Calculators4Mortgages Refinance Calculator Results Page

Google Position 4: Mortgage101 Refinance Calculator. The Mortgage 101 refinance calculator is another pretty basic mortgage calculator that clearly gives you the time required for breakeven, and lets you break out points in your refinance costs. What it doesn’t tell you is how much you would save with a refinance if you held the property for the full term of the loan (which the Calculators4Mortgages refinance calculator did).

Mortgage101 Refinance Calculator

Google Position 5: LendingTree’s Refinance Calculator This should really be Lending Tree’s refinance calculators since there are actually links to 6 different calculators including:

  1. Refinance Mortgage Comparison Calculator
  2. Refinance Payment Calculator
  3. Refinance Points Calculator
  4. Refinance Calculator
  5. Refinance Home Equity Calculator
  6. Cash-Out Refinance vs. Home Equity Loan Calculator

This seems pretty impressive, until you start drilling down and using the calculators. One really bothersome difference with many of LendingTree’s calculators is that the entry fields for mortgage terms in years is done as a drop down – with the only selection options being 2, 3, 5, 7, 10, 15, 30, 25, 30, 40 or 50 years. So if your existing loan term doesn’t exactly match one of these, it might be difficult to get to the right numbers. Other calculators allow you to enter years as #’s (and some with decimals so you can estimate 6 months at .5 years) to get to your numbers. Annoying.

The “Refinance Calculator” (#4) is the one most similar to the others. It has some minor differences. The first is it allows you to enter the prepayment penalty on the initial loan as a percentage (vs. entering the penalty as a dollar amount component of the closing costs as the others do). The Refinance Mortgage Comparison Calculator seems somewhat useful in that it allows you to compare a fixed rate mortgage with an adjustable rate mortgage (ARM).
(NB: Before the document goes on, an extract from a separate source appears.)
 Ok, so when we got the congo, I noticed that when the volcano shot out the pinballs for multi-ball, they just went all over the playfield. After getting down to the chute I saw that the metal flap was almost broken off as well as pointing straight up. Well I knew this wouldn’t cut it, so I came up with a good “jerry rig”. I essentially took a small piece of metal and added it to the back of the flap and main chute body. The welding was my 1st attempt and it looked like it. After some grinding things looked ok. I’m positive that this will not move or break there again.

The remaining calculators tend to be variants of existing calculators. Their Refinance Payment Calculator is the same as their standard mortgage payment calculator.
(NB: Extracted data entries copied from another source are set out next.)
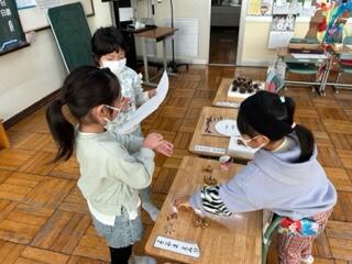 1年生は「秋まつり」の準備でしょうか? 平成の森で拾ってきた木の実や小枝などを使っていろいろなゲームを作っていました。おなもみダーツやけんだま、やじろべえ、こま、小物、迷路などです。今日は、お店屋さんとお客さんの2グループに分かれて、やり取りの練習です。とくに、お店屋さんはゲームのやり方を上手に説明しなければなりません。かわりばんこに役割分担して、みんな上手に説明することができました。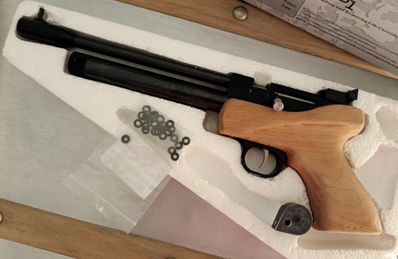 Hola a todos, pues eso que vendo una CP1 de CO2 de Spairguns en 5,5 con algún arreglillo hecho en la empuñadura como puede verse pero con la junta original de los botellines sustituida por juntas toricas que se tienen que ir cambiando mas menudo que la junta original, la doy por 35€ y regalo las juntas toricas que se ven en la foto.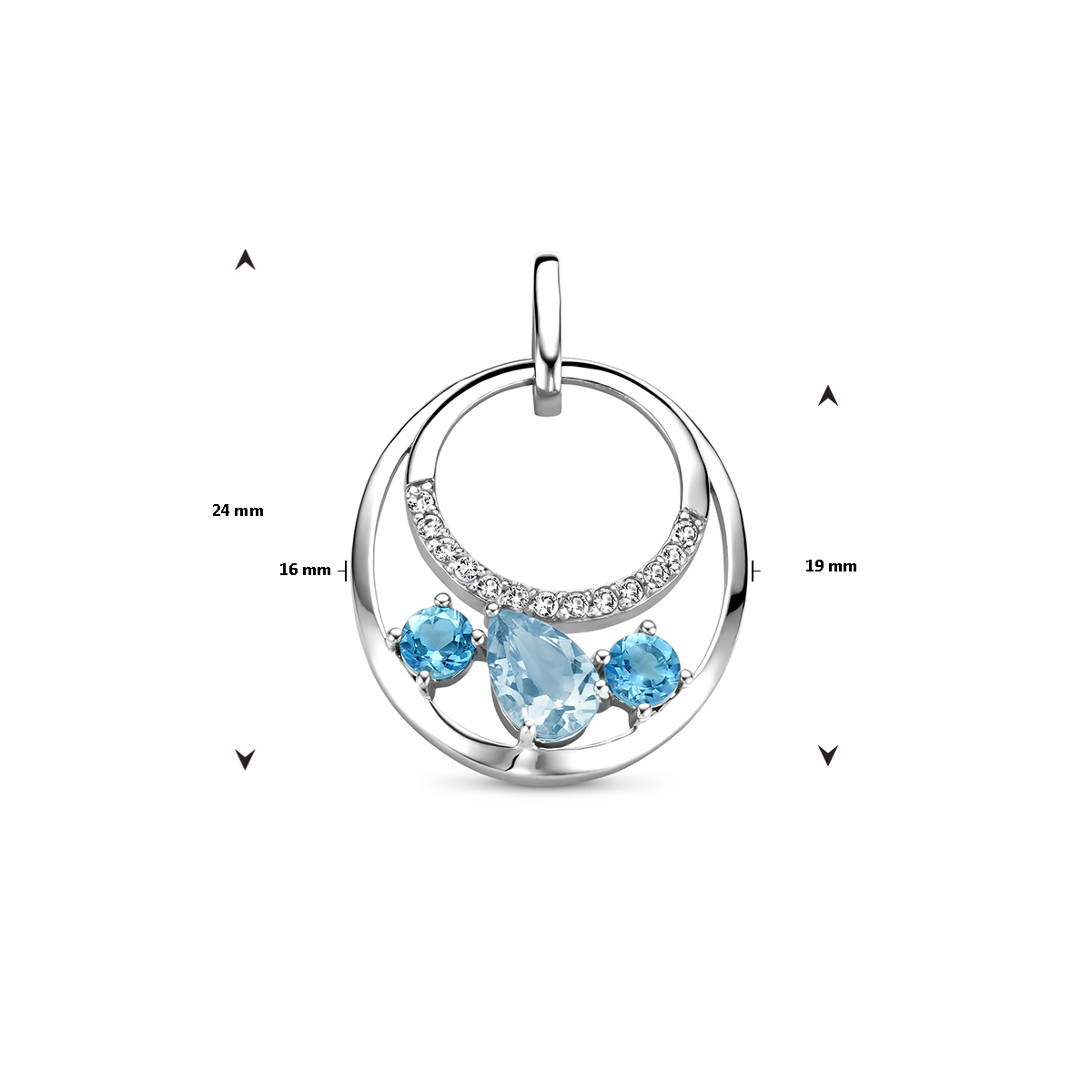 Gerhodineerd 925 zilveren hanger uitgevoerd met blauw en wit topaas. De hanger heeft een  totale hoogte van 24mm.

Lending Tree Refinance Calculator

Google Position 6: The National Bureau of Economic Research Refinance Calculator. This calculator looks very official and the title at the top of the page cracks me up: Supplementary Materials for Optimal Mortgage Refinancing: A Closed-Form Solution. Wha?

This mortgage calculator is different than the other calculators in that rather than collect information on current and “new” loan terms, it asks you information about your current loan and how long you expect to remain in your house, along with other estimated costs like closing costs and points. Then it spits out an “Optimal Refinance Rate” – and tells you something like “Refinance when the new mortgage rate is below 4.5%”. Great. I like this – it’s actionable, and I can use this info as a guide.
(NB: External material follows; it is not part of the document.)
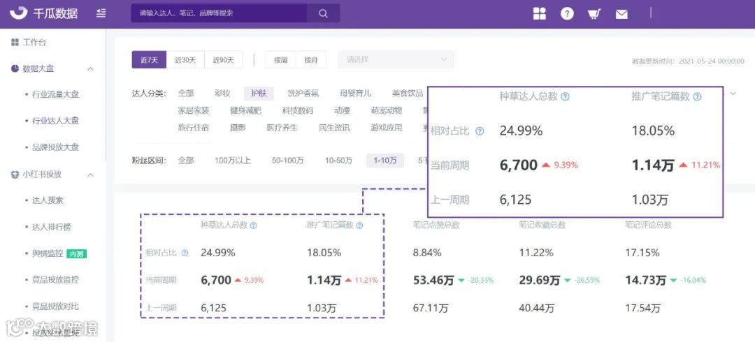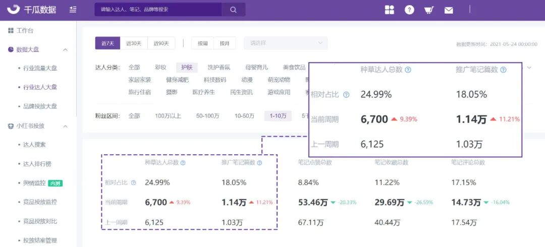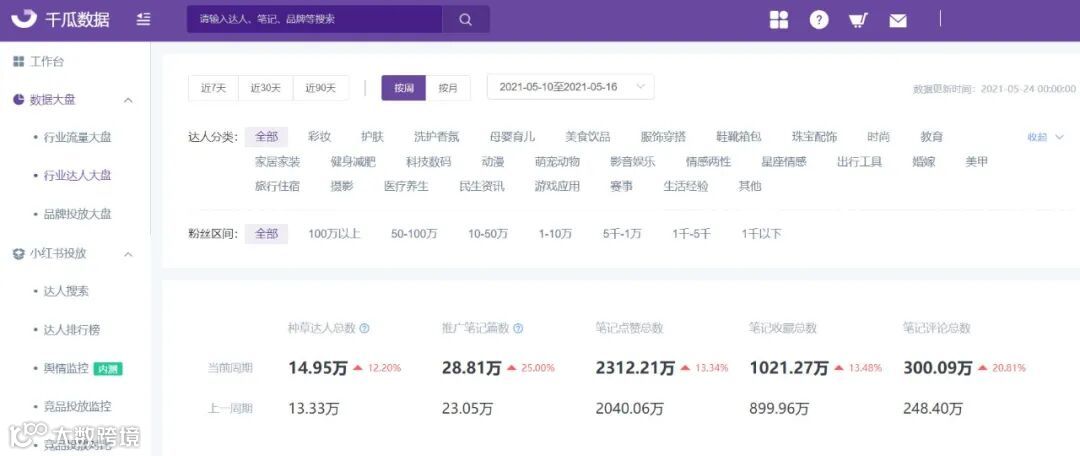 千瓜数据全新上线小红书行业达人大盘,为用户提供市场宏观监测,了解小红书近期时间范围内各行业达人种草数据和趋势,更好的助力品牌发展。

National Bureau of Economic Research Mortgage Refinance Calculator

A couple of drawbacks include your not knowing how much to put in as closing costs since you’re not comparing against an actual refinance offer, rather a hypothetical refinance offer (so you don’t really know the exact closing cost amount). Also unlike the other calculators, it doesn’t tell you exactly how much you would be saving. On the plus side, there are some advanced parameters that allow you to tweak a) rate at which you discount future costs, b) average inflation rate over life of new mortgage and c) annualized standard deviation of mortgage interest rate – which might be fun if you were really geeky. One final plus is that there isn’t an ad on the page which adds to its academic cred.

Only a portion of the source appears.